- Genre: Reality television
- Created by: Shaunie Henderson
- Starring: Gloria Govan; Shaunie Henderson; Suzie Ketcham; Evelyn Lozada; Royce Reed; Jennifer Williams; Tami Roman; Meeka Claxton; Kenya Bell; Kesha Nichols; Tasha Marbury; Jackie Christie; Malaysia Pargo; Laura Govan; Brooke Bailey; Brandi Maxiell; Brittish Williams; Angel Brinks; LaTosha Duffey; Jac'Eil Duckworth; Brittany Renner; Vanessa Rider; Chantel Christie-Jeffries; Denise Reann Garcia; Ming Lee; Ty Young;
- Country of origin: United States
- Original language: English
- No. of seasons: 12
- No. of episodes: 184 (list of episodes)

Production
- Executive producers: Shaunie Henderson; Steven Weinstock; Glenda Hersh; Lauren Eskelin; Lorraine Haughton-Lawson; Julie "Bob" Lombardi; Paula Arnada; Jennifer Aguirre; Kenny Loeliger-Myers; Mark Seliga; Alissa Horowitz; Yessica Garcia; Katie Sole;
- Camera setup: Multiple
- Running time: 20–23 minutes (season 1); 42–44 minutes (seasons 2–12);
- Production companies: Shed Media; Truly Original (2019–2025); MTV Entertainment Studios (2022–2023); VH1 (2024–2025);

Original release
- Network: VH1
- Release: April 11, 2010 – July 28, 2025

Related
- Football Wives; Basketball Wives LA; Baseball Wives; Ev and Ocho; Shaunie's Home Court; Baller Wives; Shaunie & Keion's Destination "I Do"; Basketball Wives Orlando;

= Basketball Wives =

American reality TV series

Basketball Wives is an American reality television series broadcast on VH1. It has aired twelve seasons, and follows the everyday lives of women romantically linked to players in the professional basketball industry. The first five seasons were filmed in Miami, Florida, and aired from April 11, 2010 until October 21, 2013. The spin-off series, Basketball Wives LA, also aired five seasons from August 29, 2011 until October 23, 2016. The original Basketball Wives was rebooted and relocated to Los Angeles, California beginning with the sixth season, which premiered on April 17, 2017. Some Basketball Wives LA cast members were combined into the original series, and subsequent seasons are considered continuous with the original series by the network.

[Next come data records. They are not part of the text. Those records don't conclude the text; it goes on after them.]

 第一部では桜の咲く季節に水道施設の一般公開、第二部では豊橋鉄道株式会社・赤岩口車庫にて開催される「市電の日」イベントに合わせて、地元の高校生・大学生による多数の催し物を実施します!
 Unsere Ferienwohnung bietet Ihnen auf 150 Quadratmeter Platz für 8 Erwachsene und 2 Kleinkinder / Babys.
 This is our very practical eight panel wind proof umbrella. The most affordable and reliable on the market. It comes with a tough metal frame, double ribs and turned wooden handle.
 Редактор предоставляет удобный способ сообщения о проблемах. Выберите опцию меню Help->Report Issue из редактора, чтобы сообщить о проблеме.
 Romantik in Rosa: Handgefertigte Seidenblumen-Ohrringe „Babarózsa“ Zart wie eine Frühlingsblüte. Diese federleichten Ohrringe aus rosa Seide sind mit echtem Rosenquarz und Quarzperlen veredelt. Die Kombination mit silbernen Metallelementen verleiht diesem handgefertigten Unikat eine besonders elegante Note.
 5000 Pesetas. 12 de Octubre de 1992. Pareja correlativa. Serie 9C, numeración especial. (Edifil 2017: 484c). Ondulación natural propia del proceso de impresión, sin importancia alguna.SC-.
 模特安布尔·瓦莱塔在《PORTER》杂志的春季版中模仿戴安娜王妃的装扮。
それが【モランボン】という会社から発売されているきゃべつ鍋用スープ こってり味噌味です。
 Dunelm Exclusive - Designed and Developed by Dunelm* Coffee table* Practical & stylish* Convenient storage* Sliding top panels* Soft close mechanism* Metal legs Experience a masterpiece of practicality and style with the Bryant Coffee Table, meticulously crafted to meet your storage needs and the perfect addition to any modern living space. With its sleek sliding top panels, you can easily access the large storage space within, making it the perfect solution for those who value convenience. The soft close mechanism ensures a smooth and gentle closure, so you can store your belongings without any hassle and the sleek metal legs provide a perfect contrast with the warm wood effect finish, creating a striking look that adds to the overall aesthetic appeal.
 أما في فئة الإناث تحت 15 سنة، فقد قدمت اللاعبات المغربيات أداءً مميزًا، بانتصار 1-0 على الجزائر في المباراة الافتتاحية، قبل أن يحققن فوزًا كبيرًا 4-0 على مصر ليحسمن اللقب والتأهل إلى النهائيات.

Basketball Wives cast members that have appeared on both runs include Shaunie Henderson, Evelyn Lozada, Tami Roman, and Jennifer Williams. Basketball Wives LA cast members that were combined into the second run include Jackie Christie, Malaysia Pargo, Brooke Bailey, Brandi Maxiell, Brittish Williams, Angel Brinks, and LaTosha Duffey. The twelfth season cast featured Christie, Lozada, Maxiell, Williams, Brittany Renner, Chantel Christie-Jeffries, Denise Reann Garcia, Ming Lee, and Ty Young, with Henderson making guest appearances.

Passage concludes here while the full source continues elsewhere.